The FBI stepped up its intervention in Puerto Rico because politics on the ground shifted to the pro-independence left in the 1960s. In 1959, a group of radical students and intellectuals inspired by the Cuban revolution and disillusioned with the PIP founded the Movimiento Pro Independencia (MPI, Pro-Independence Movement). [40] The MPI’s politics were nationalist. Its leaders sought Puerto Rico’s independence by any means necessary. The MPI and its student supporters in the Federación de Estudiantes Pro Independencia (FUPI, Federation of Students for Independence, founded in 1956 [41]) formed a radical wing of the pro-independence movement, which related to the island’s social struggles. During the late 1960s and the early 1970s, the University of Puerto Rico was the scene of militant student actions against the military draft and the ROTC. A shortage of housing forced hundreds of squatters to invade and settle on government and private lands. In the island towns of Culebra and Vieques people waged a bitter fight to get the U.S. Navy off their land. Then after 1972 the economy began to collapse. Unemployment rose and thousands of workers went on strike. In this political climate, the militants of the MPI decided to found the Puerto Rican Socialist Party (PSP) in 1971. [42] Even the PIP underwent a radicalization of its rank and file when significant numbers of young militants joined the party. In 1971, a new PIP leadership introduced a social democratic program that called for independence, socialism, and democracy. [43] Its slogan was “up with the downtrodden.”
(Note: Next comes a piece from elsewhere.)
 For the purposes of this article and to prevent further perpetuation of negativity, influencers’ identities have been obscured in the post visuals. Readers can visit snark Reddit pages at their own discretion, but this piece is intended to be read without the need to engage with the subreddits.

The PIP had high expectations for the 1972 elections. But following a disappointing showing, it went into an internal crisis and began moving to the right. By the 1976 elections it had shifted its slogan into a more traditionally nationalist direction: “It’s time that what is ours becomes ours.” [44] The PSP itself grew fast as a result of its involvement in the social struggles of the early 1970s. It managed to gain influence in several unions and in the student movement. However, from its origin, two currents coexisted within it. One envisioned a popular front based on a cross-class alliance of those sectors of society interested in fighting for independence. This current was led by intellectuals and middle-class individuals. The other current understood that independence was only attainable through the organized force of the working class. These two currents coexisted while the level of class struggle remained high. As soon as the class struggle declined after 1976, their differences became obvious. The PSP gradually began to melt away, until finally, in 1993, it announced to the world what had been a fact for several years. The PSP no longer existed.

The result has been the generation of a huge political vacuum that no political organization has been able to fill. In practical terms, this has meant that a series of local struggles have erupted in isolation of each other throughout the 1990s.
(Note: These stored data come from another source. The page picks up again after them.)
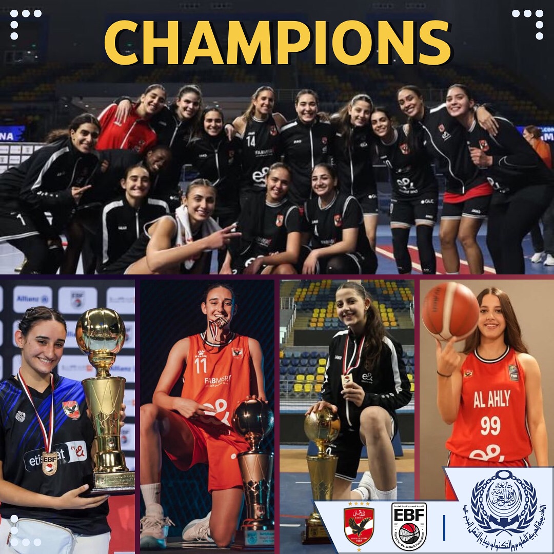 تتقدم إدارة الشئون الرياضية بفروع الأكاديميةالعربية للعلوم والتكنولوجيا بالقاهرة بالتهنئةلأبطالنا (جايدة خالد احمد) و (هناء سالم سليمان)نجوم النادى الأهلى لكرة السلةابناء الاكاديمية بمُناسبة:تحقيقهم لقب الدورى الممتاز (أ) للسيداتو المرتبط 2024.بعد تغلبهم فى المباراة النهائية على نادىسبورتنج فى مباراة ماراثونية انتهت لصالحالمارد الأحمر بنتيجة (84-74). (جايدة خالد احمد) المُقيدة بكلية النقل الدولىو اللوجيستيات – فرع الدقى.(هناء سالم سليمان) المُقيدة بكلية الإدارة –فرع القرية الذكية. مـبروك لأبطالنا وفخورين دايماً بيكموتمنياتنا لكم بدوام النجاح والتوفيق فيماهو قادم بإذن الله.#أبطال_الأكاديمية#الأهلى#الاهلي_المصري Share:
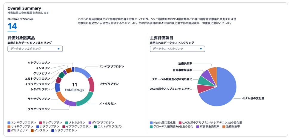 人間による判断を補完する形で、エビデンスに基づいた試験デザインの検討が可能です。また、生成されたプロトコールは規制要件との整合性も確認されます。
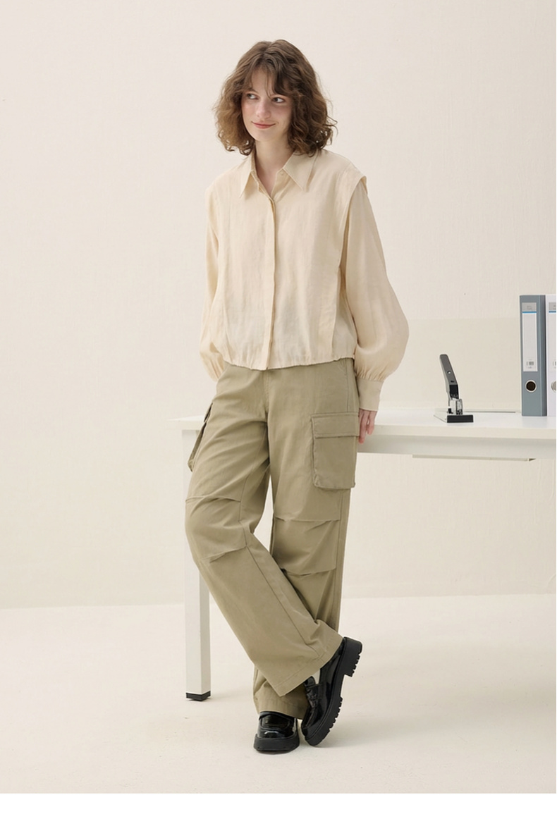 谜底造型衬衫长袖2026春季新品通勤提花短款时髦衬衣女265MC5037

Socialists and the Struggle for a Free Puerto Rico

The notion of socialism common on the Puerto Rican left is an eclectic – and elastic – concept in which nationalism is combined with elements of a Marxist analysis. The idea of socialist revolution is cloudy, and is frequently conceived of in terms of some sort of guerrilla struggle. This conception can give rise to illusions regarding individual terrorism. For most of the Puerto Rican left, the working class is not the central actor. Rather, workers are viewed as one progressive component of a broad nationalist front. The PCPR’s “popular front” politics, which betrayed the struggle against imperialism in the 1940s, were widely despised in nationalist circles. But the same type of cross-class politics found expression in the popular movements of the 1960s and 1970s. Neither Marx nor Lenin thought about the struggle for self-determination or for socialism in those terms. In the classical Marxist view, international working-class revolution is the basis for the liberation of the people of one country from the oppression by the ruling class of another more powerful country. The old Marxist battlecry “workers of all countries unite” is not a catchy phrase but an historical necessity – and a condition for the emancipation of all workers.
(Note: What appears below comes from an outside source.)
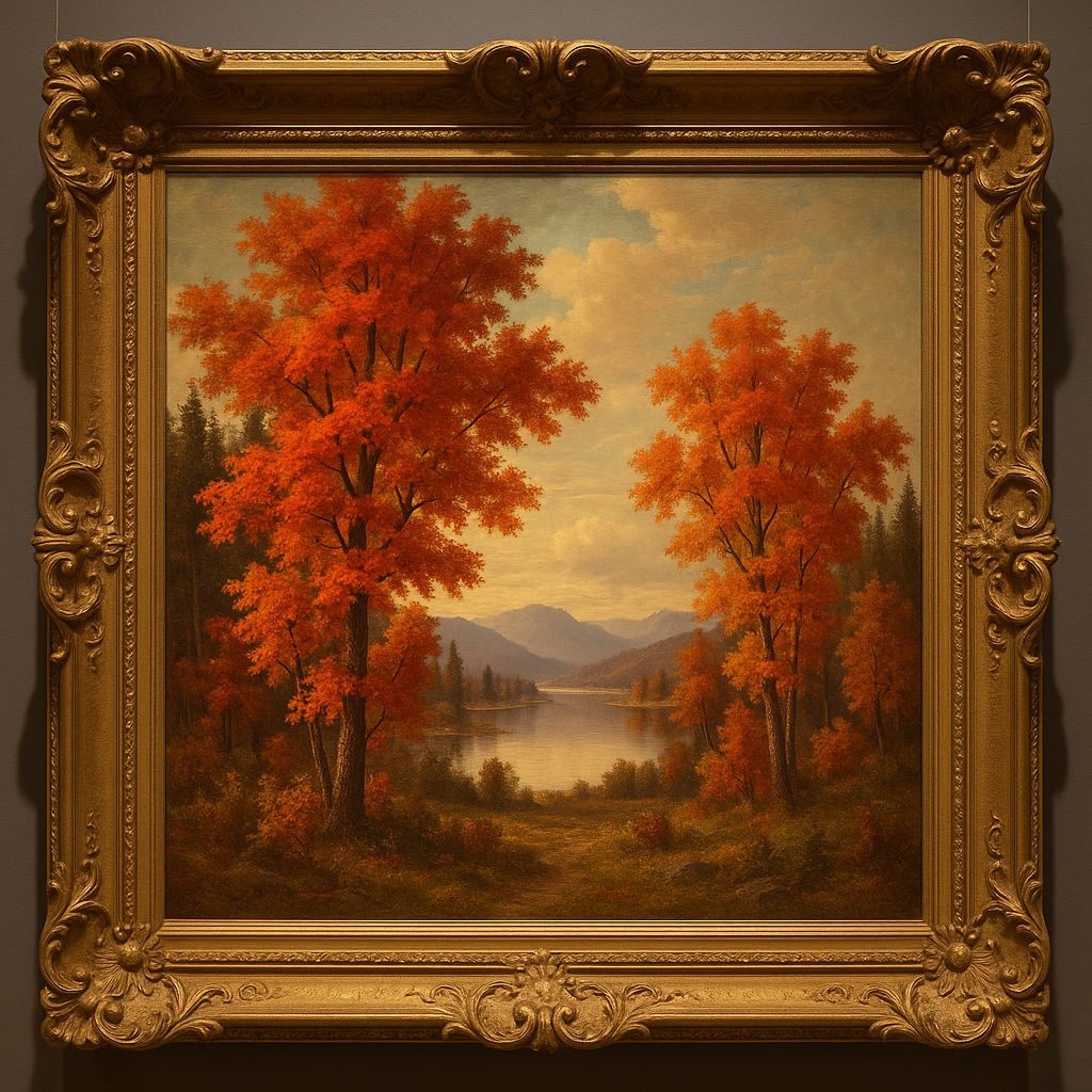 An evocative oil on canvas depicting a quintessential Canadian autumn scene with vivid maple trees reflected in a still lake. Painted in the tradition of the Group of Seven, with bold brushwork and rich, saturated colours. Housed in an ornate period gilt frame. Signed lower right (artist research ongoing). Canvas: 60cm x 45cm. Framed: 75cm x 60cm.

Applying classical Marxism to Puerto Rico today, one must start with the assumption that American workers do not benefit from the oppression of Puerto Rican workers. Runaway industries that result in job losses, limited wages, lousy working conditions, environmental and health hazards do not benefit either working class. The role of revolutionary socialists is to build working-class solidarity across national borders. However, if international socialism is the final goal, the starting point is different depending on where revolutionaries find themselves. Socialists in the oppressor country must defend the right to self-determination of the colonial countries, including the right to secession. Class unity across borders can only take place voluntarily. Real equality between the peoples of the oppressed nation and the oppressor nation can only be guaranteed by the freedom of the oppressed nation to secede if it so wishes. In turn, socialists in the oppressed country must argue for a firm and consistent opposition to imperialism and for international working-class unity, in particular unity with the workers of the oppressor country. After all, workers in both countries share a common enemy – the ruling class of the oppressor country. This includes sharply combating nationalist politics promoted by the middle class of the oppressed country. In Lenin’s words:

Whoever does not recognize and champion the equality of nations and languages, and does not fight against all national oppression or inequality, is not a Marxist ... But it is also beyond doubt that the pseudo-Marxist who heaps abuse upon a Marxist of another nation for being an “assimilator” is simply a nationalist philistine. [45]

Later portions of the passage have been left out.